Еще с сентября я был зачислен в Университет ассистентом (на полставки) по кафедре А.П.Рифтина и занимался с ассириологами-псрвокурсниками историей Вавилонии и Ассирии и чтением литературных текстов; кроме того, у меня была маленькая группа начинающих ассириологов и на историческом факультете. (Кафедра В.В.Струве своих студентов ранее не имела, а обслуживала только общие курсы на «потоках»: но вот с 1938 г. были разрешены по этой кафедре факультативные языковые занятия). В Эрмитаже я занимался научной работой, прочел большой доклад по социальному строю новоассирийского периода — вот не помню теперь, кажется, на кафедре А.П.

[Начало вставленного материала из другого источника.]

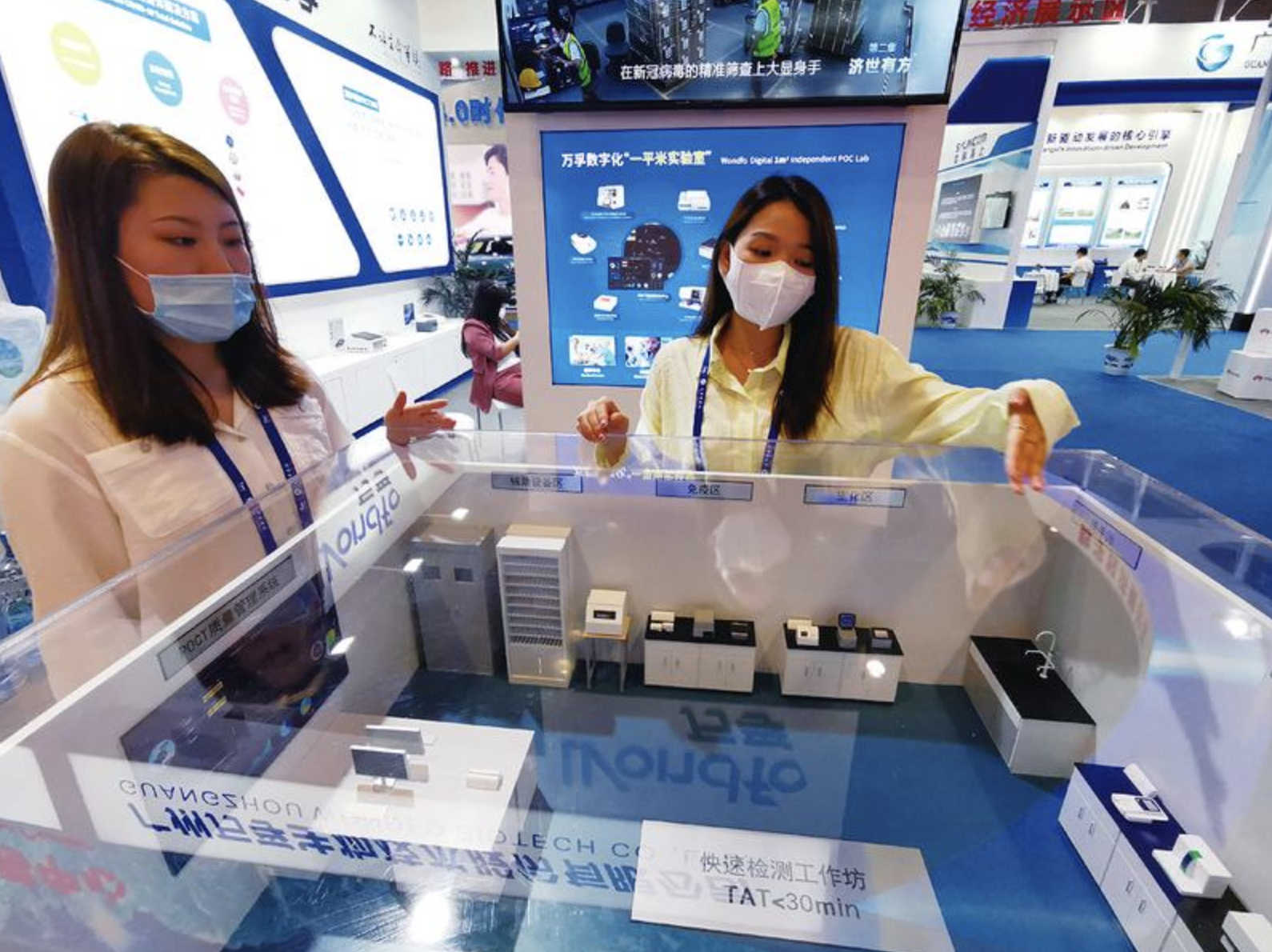 广州万孚生物技术股份有限公司展区展出的万孚数字化“一平方米实验室”,也是本次先进技术展展出的抗疫“黑科技”之一。

Несмотря на то, что с исчезновением Ежова число арестов как будто уменьшилось, а кого-то и выпускали, они, аресты, не прекратились совсем. Так, примерно в октябре арестовали нашего историка Греции и Рима, Сергея Ивановича Ковалева, и с ним еще несколько человек, в том числе Л.Л.Ракова — он был ассистентом Ковалева в Университете, но главная его работа была в Эрмитаже, где он был ученым секретарем.

Вскоре после нового 1939 года из Москвы приехали главные партийные методологи по античной истории — А.С.Мишулин и Н.А.Машкин. Мишулин имел перед исторической наукой заслугу — после расстрела А.Сванидзе, зятя Сталина и основателя журнала «Вестник древней истории», он спас журнал от закрытия (на втором номере!) и возглавил его.

Теперь же Мишулин и Машкин приехали для осуждения методологических ошибок арестованного Ковалева. Весь исторический факультет согнали в амфитеатр актового зала; на одной из задних скамеек сидел и я, а неподалеку от меня — рыженький сын Ковалева и черноволосая дочь — студенты.

Мишулин прочел доклад о вредительстве Ковалева в трактовке заговора Каталины. Затем начались выступления преподавателей с отмежеванием от вредителя. Отмежевавшихся было много, зрелище было однообразное, и я этих выступавших не запомнил. Но близость каких-то новых времен была заметна: отмежевались не все. Ко всеобщему изумлению выступил В.В.Струве и, по обыкновению мямля, писклявым голосом проговорил, что, возможно, обвинения Ковалева не имеют никакого отношения к древней истории; и затем выступила античница К.М.Колобова, женщина очень умная и хорошо знавшая, с которой стороны бутерброд намазан маслом; она сказала, что следствие по делу С.И.Ковалева не закончено, исход его неизвестен, и обсуждать исторические взгляды Ковалева преждевременно.[195]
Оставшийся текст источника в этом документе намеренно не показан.